Tout plan visant à aider les personnes âgées à faire face aux risques liés au changement climatique devrait prendre en compte le fait que certaines ont choisi de ne pas évacuer leur domicile malgré des événements climatiques dangereux car ils ne pouvaient pas emmener leur animal. L’obéissance aux consignes d’évacuation serait accrue si des programmes gouvernementaux étaient mis en place pour faire vacciner les animaux et évacuer les personnes âgées avec leur animal afin qu’elles puissent se rendre avec eux dans les centres d’accueil d’urgence.
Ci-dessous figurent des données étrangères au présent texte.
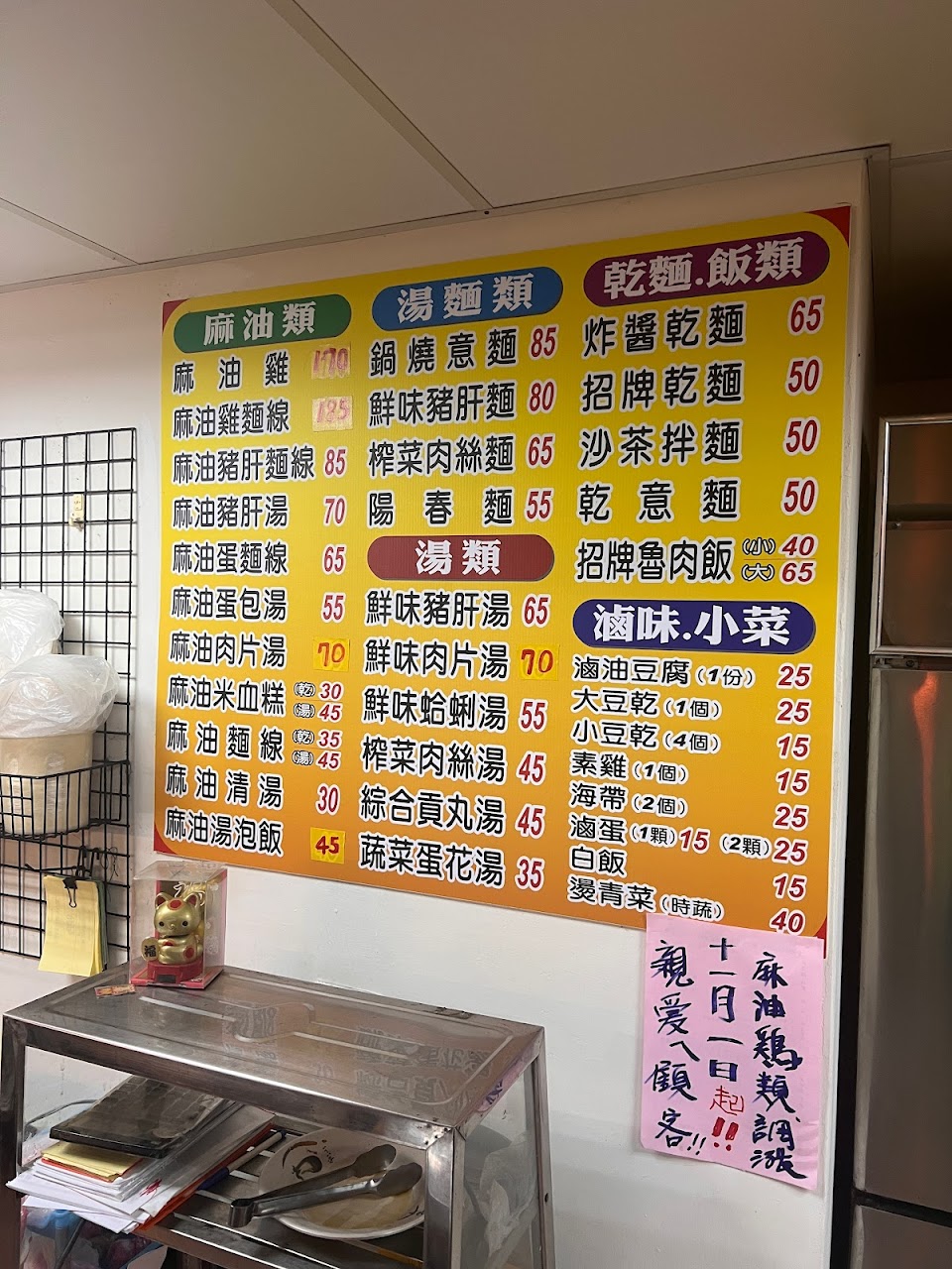 麻油雞湯150 麻油雞麵線165 乾米血30 燙青菜40 滷肉飯(大)60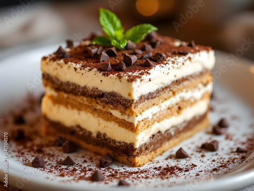 Classic delicious tiramisu dessert with mint on top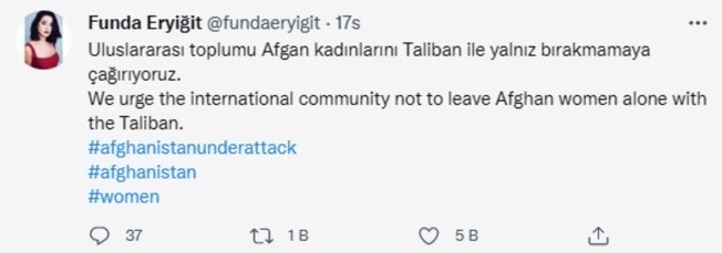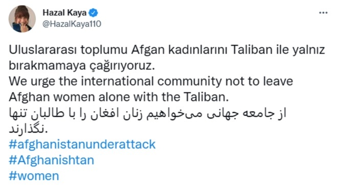 Türkiye'den birçok sanatçı da ulusal farkındalık yaratmak adına Afgan kadınlar için sosyal medya hesaplarından çağrıda bulundu.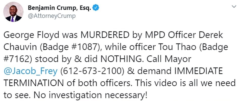 According to the family’s attorney, Benjamin Crump, officer Chauvin needs to be charged with murder whereas he called for the cop’s partners to be charged as murder accomplices.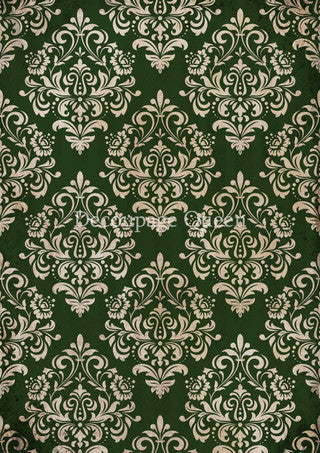 Decoupage Paper - DQ - DQRP0685 - A4 - Christmas Damask Green

Aux États-Unis de nouvelles mesures de planification et de préparation aux désastres ont été mises en place afin d’intervenir et de sauver les animaux de compagnie. En permettant l’évacuation des animaux afin de les réunir avec leurs maîtres, on peut exercer une influence positive sur la santé mentale à la suite de cataclysmes.

L’intégration des nouvelles initiatives dans le cadre des organisations communautaires afin d’aider les personnes âgées à prendre soin des animaux qui partagent leur vie serait une condition gagnante pour tous car elle permettrait l’amélioration du bien-être et pourrait diminuer les coûts de santé à long terme.